YOUR INSTRUCTIONS:
Only one span is wanted from the lines below: from the one with "Step5-2.「色彩模式(Color profile)」在Canva Pro版可選CMYK更適合印刷。" up to and including the one with "Pletena obleka z". Copy it exactly, without images.

DATA FOR ANALYSIS:
____
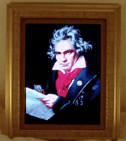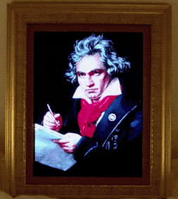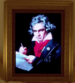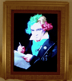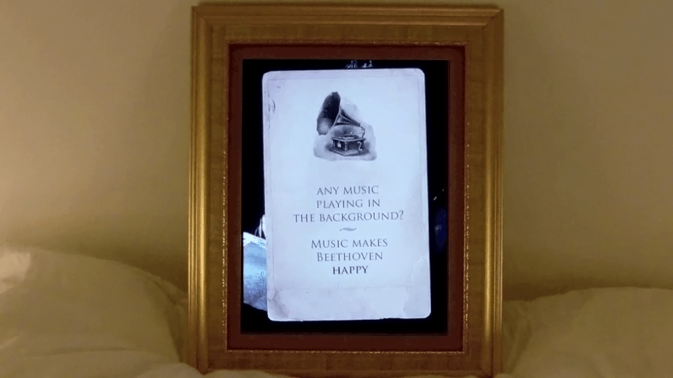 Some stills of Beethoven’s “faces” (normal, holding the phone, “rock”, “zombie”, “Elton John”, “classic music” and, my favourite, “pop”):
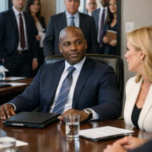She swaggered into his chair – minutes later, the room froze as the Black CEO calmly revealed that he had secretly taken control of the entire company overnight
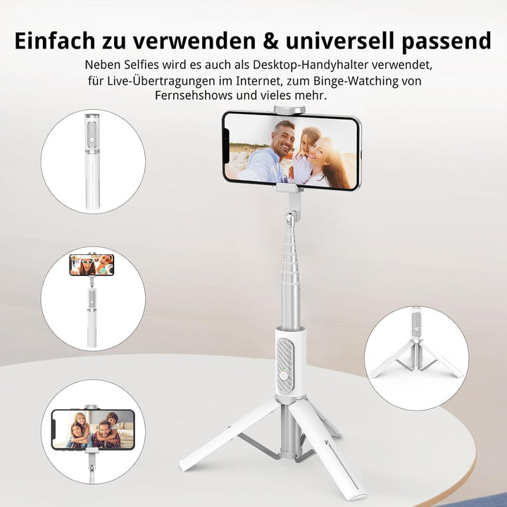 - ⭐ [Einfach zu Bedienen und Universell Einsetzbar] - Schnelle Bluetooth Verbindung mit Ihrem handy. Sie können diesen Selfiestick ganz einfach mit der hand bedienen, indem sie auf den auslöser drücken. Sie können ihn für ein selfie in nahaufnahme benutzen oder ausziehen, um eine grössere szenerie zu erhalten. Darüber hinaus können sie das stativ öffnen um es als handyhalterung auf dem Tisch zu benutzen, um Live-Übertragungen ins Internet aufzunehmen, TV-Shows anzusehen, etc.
____
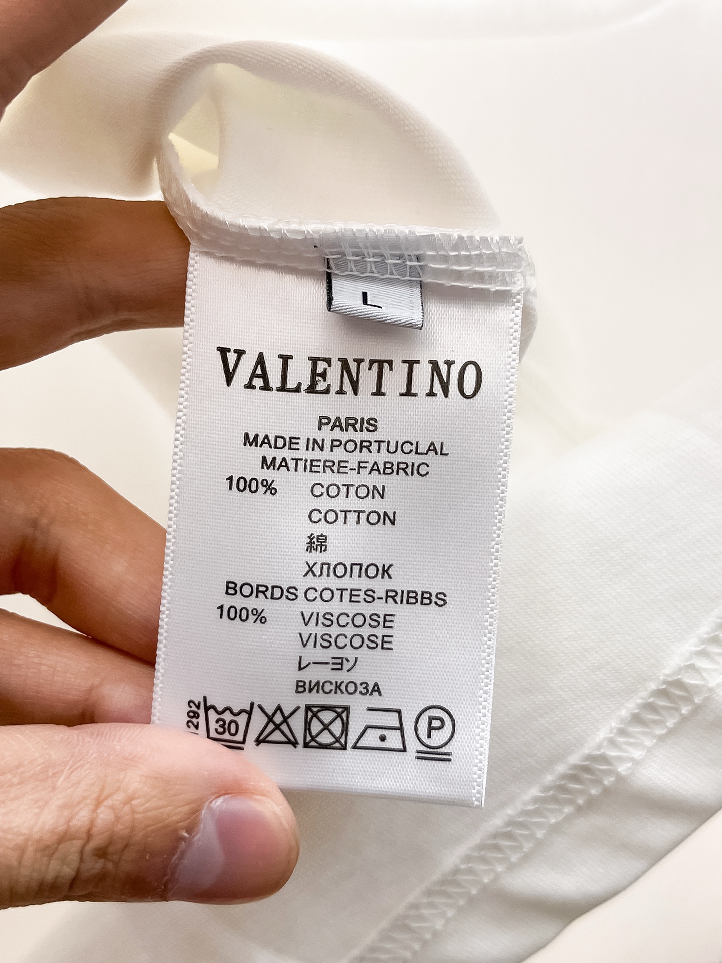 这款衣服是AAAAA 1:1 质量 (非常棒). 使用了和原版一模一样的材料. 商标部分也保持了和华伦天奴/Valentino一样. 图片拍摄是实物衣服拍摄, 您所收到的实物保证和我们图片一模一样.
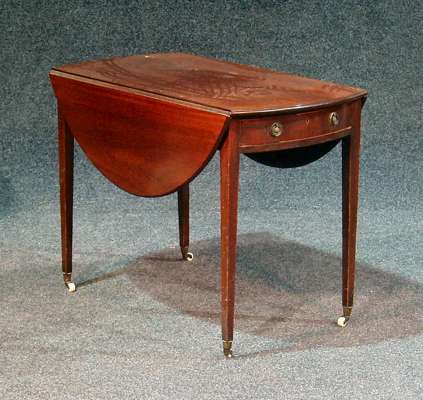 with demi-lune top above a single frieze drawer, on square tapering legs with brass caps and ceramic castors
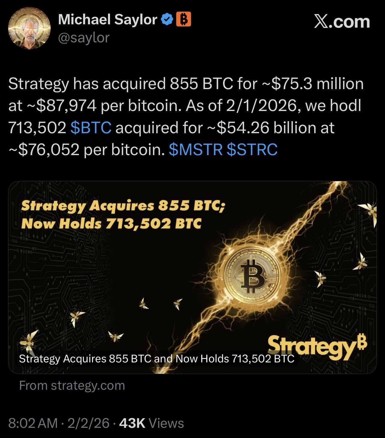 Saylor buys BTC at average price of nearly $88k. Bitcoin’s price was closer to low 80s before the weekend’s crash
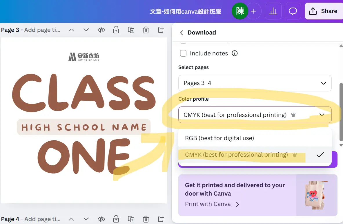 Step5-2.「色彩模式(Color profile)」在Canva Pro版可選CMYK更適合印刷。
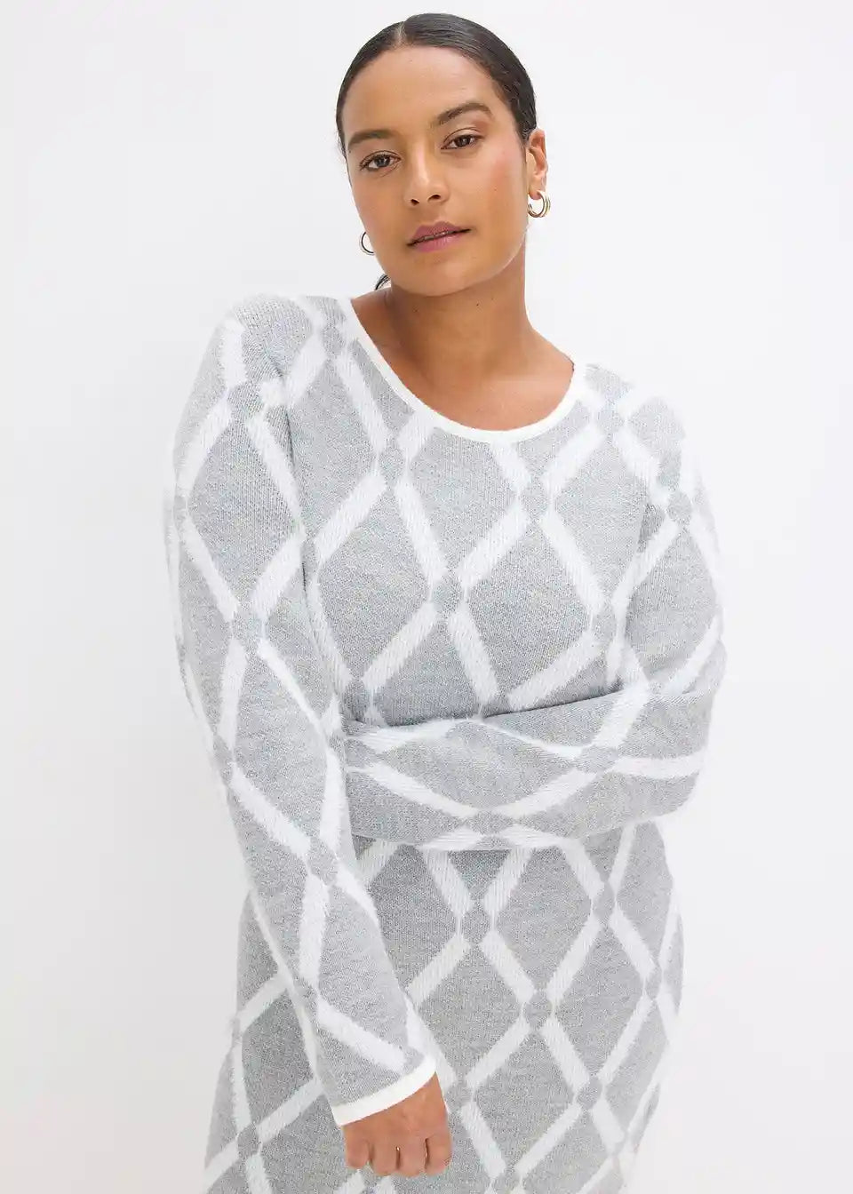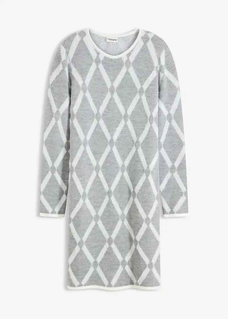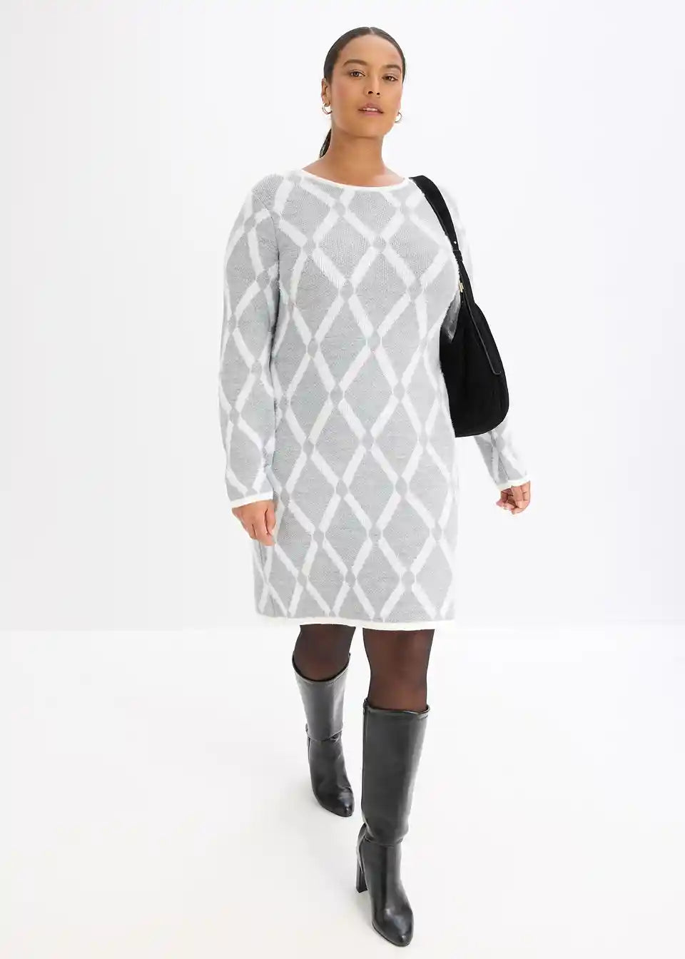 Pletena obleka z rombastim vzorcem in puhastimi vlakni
____
ANSWER SPACE:
 Step5-2.「色彩模式(Color profile)」在Canva Pro版可選CMYK更適合印刷。
 Pletena obleka z rombastim vzorcem in puhastimi vlakni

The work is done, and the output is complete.